I propose here that this convergence reflects the fact that the discrimination of words versus nonwords recruits two widely spread mechanisms, which are, first, the ability to discriminate visual items and second, the ability to process the statistical regularities among these items. Statistical regularities in time and space are defining features of the world. Dealing with such statistical regularities is probably a function that many species (at least those who adapt their behavior through learning mechanism, like pigeons, baboons, and humans) must develop for survival, whatever the specificities of their ecological niche, biology, or evolutionary history. All the convergent findings reported above in pigeons, baboons, and humans underline the need for these species to develop domain-general functions aimed at detecting statistical regularities in many different types of input, even the most unnatural ones (as written words can be for pigeons or baboons). They moreover suggest that the need to detect and process statistical regularities is an organizational principle for a vast range of cognitive systems, in both humans and nonhuman animals.

But pigeons are not baboons, no more than baboons are humans. Humans read; neither baboons nor pigeons do. There are therefore good reasons to think that subtle differences will be discovered among these species, if their strategies are examined in more detail. First, the processing of statistical regularities implies that the subject process the information at the level of the unit that is perceived (e.g., the letter) and at a more global level for inferring the statistical distribution of these units. There remains the possibility that the different species do not weigh these two levels of information equally, some giving more importance to the processing of the unit over their statistics, or vice versa. Second, evidence suggests that the learning of statistical regularities in spatially (e.g., Grainger et al., 2012) and temporally organized stimuli (Minier, Fagot, & Rey, 2015) uses in priority the transitional probability between (temporally or spatially) adjacent items. But statistical regularities within such stimuli may also require that nonadjacent associations are detected and processed, for instance, when Event A is associated with Event B, despite one or several intervening events (for instance, in the A × B sequence). The processing of nonadjacent dependencies is more demanding in terms of working memory resources than the processing of adjacent dependencies. Because of this difference in memory constraints, one can also reasonably expect that all species are not equally efficient at processing long distance dependencies, and therefore that they do not necessarily consider the same primitives for computing statistical regularities within sets of items. Finally, species are also probably not equally adept at processing distributional statistics, even if they do not differ regarding the two potential issues mentioned above. Studies on orthographic processing in pigeons and baboons showed, for instance, that pigeons were sensitive to bigram frequencies, in contrast to one baboon (at least), which considered trigrams frequencies (Hannagan, Ziegler, Dufau, Fagot, & Grainger, 2014) to categorize words from nonword letter strings.

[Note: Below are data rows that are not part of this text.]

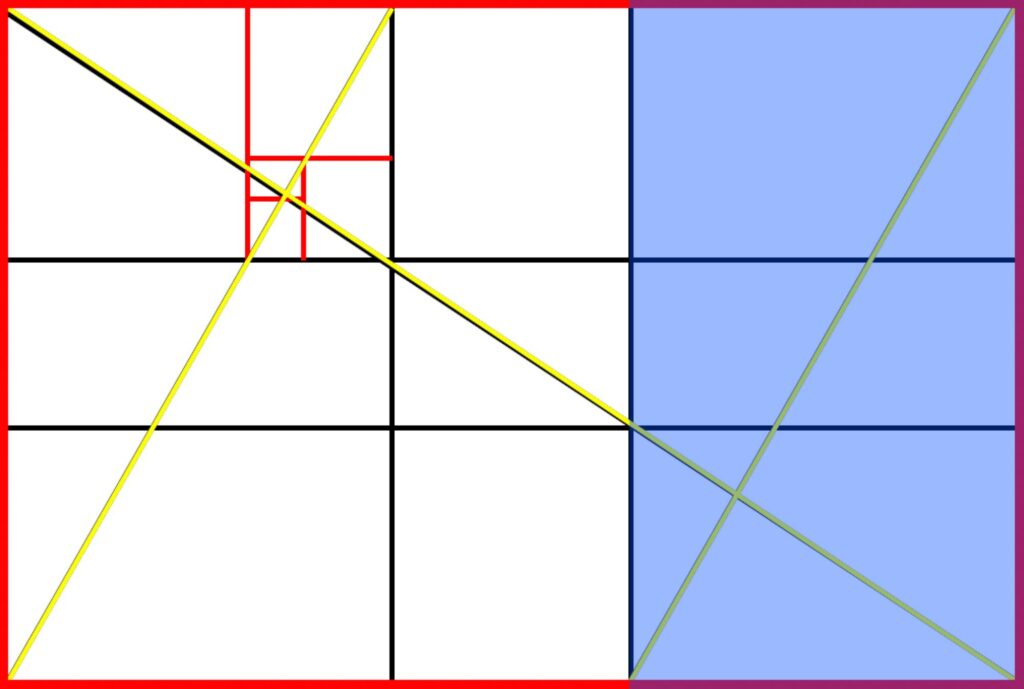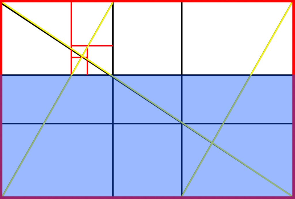 This graphic represents the Fibonacci ‘sweet spot’ with the Golden Ratio grid and the Triangle grid laid over it. This use of division and space was incorporated into the image on the page (image #5) of the big cat. Graphic by Kent DuFault
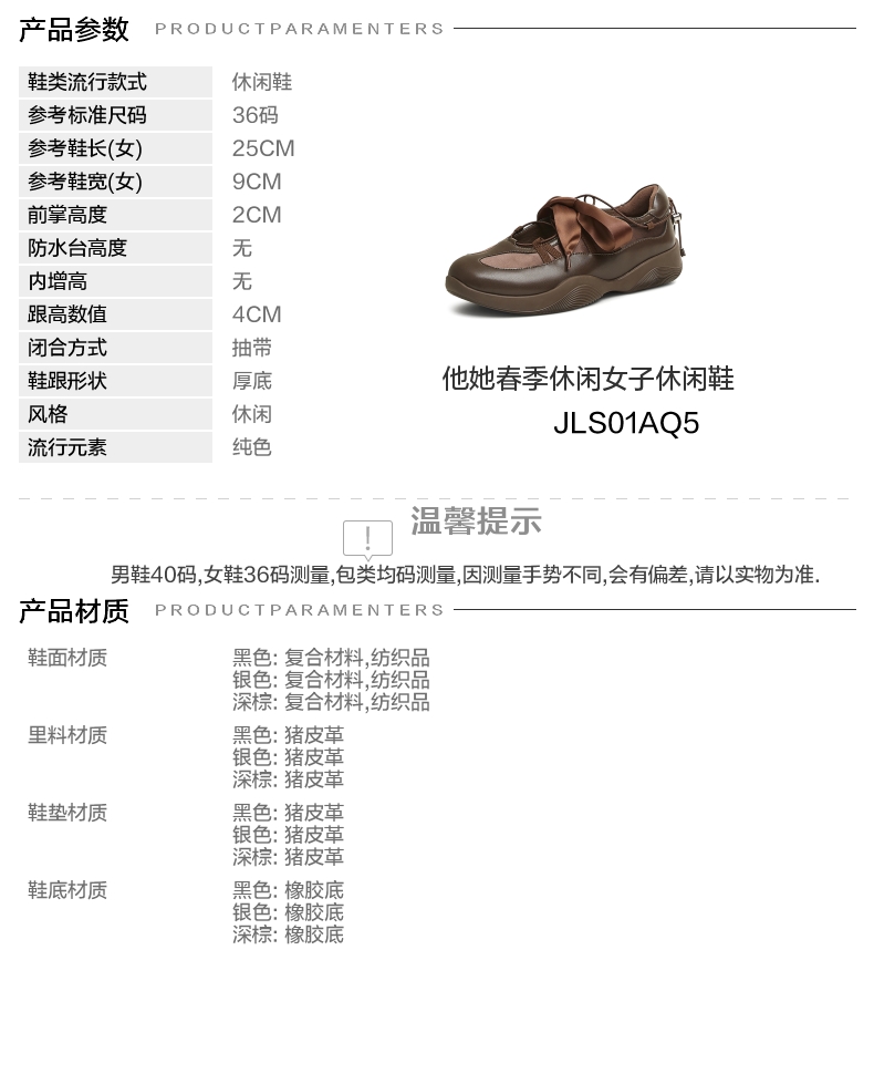 | 参考鞋宽(女):9CM | 风格:休闲 | 年份:2025年 | 色系:黑色 | 参考标准尺码:36码 |
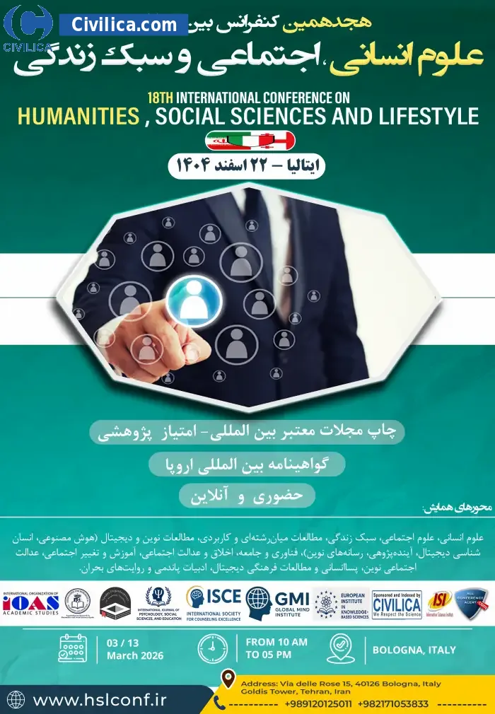 18th International Conference on Humanities, Social Sciences and Lifestyle In date 2026-03-13 by ,سازمان بین المللی مطالعات دانشگاهی will be held.Since the conference held officially, all of this Conference paper and proceedings will be indexed in the Civilica database and Iranian Consortium of National Content (ICNC) and you can have full confidence.
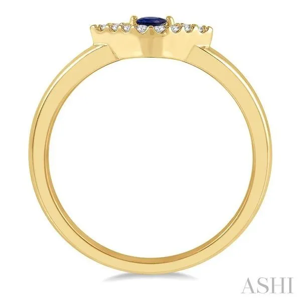 (319) 752-31962.60 MM Round Shape Sapphire and 1/10 Ctw Evil Eye Petite Round Cut Diamond Precious Ring in 10K Yellow Gold

Real comparative experiments in which different species are tested with the same experimental design are relatively rare, and even more so when the task requires advanced forms of cognitive processing. These experiments on orthographic processing in animals demonstrate the potential of this approach. In that case, Scarf et al. (2016) confirmed in pigeons the generalizability of the findings already obtained on baboons by Grainger et al. (2012), and these two studies make it clear that a cognitive competence (orthographic processing) which appears to be, at first glance, a highly specialized and cultural specific function, recruits, in fact, some mechanisms that are widely spread in the animal kingdom. Comparisons across species have further highlighted the adaptive value, flexibility, and pervasiveness of statistical learning in nonhuman animals. There is much to learn on the evolution of cognition in nonhuman animal species, and on the specificities of human cognition, if these comparative issues are explored further, in line with Scarf et al. (2016).